Using the records below, write out only the lines from the line containing "Färgfull och glatt" up to and including the line containing "Dreaming of a", exactly, with no pictures.
### Information given ###
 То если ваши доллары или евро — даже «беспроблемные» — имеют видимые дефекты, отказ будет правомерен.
###
### Information given ###
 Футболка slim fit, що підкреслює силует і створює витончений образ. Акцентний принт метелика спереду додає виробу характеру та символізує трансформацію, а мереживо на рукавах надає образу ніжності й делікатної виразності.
###
### Information given ###
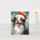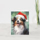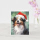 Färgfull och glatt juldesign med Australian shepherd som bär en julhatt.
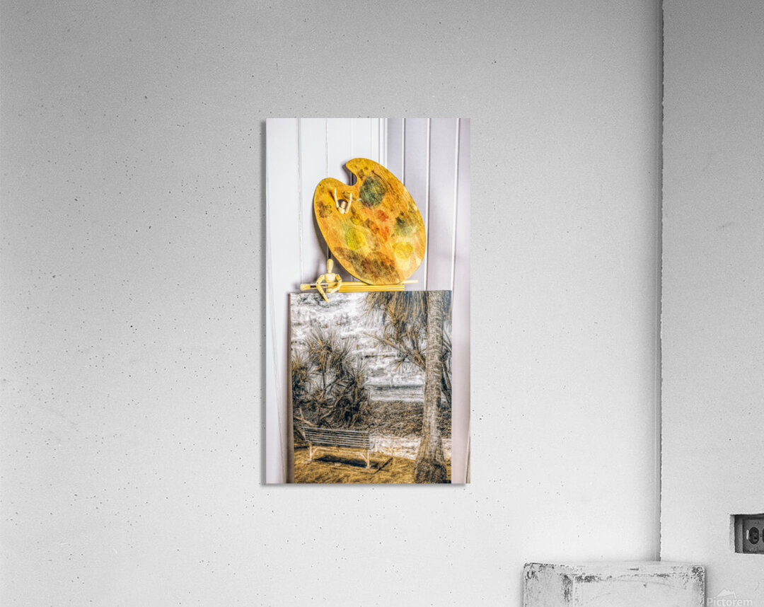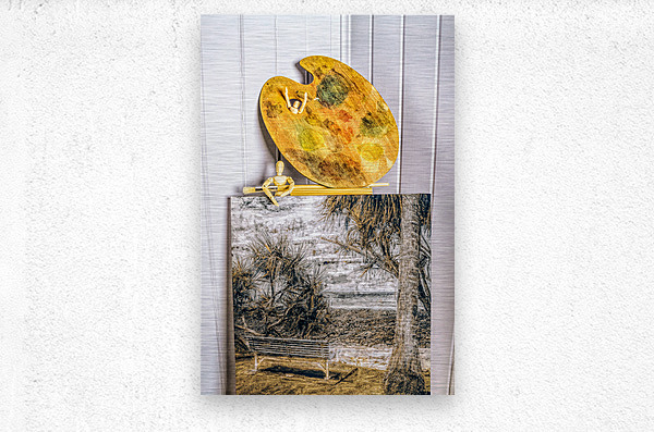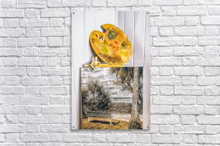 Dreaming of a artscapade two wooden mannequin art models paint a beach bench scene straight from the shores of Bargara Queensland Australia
###
> [Your response]:
 Färgfull och glatt juldesign med Australian shepherd som bär en julhatt.
 Dreaming of a artscapade two wooden mannequin art models paint a beach bench scene straight from the shores of Bargara Queensland Australia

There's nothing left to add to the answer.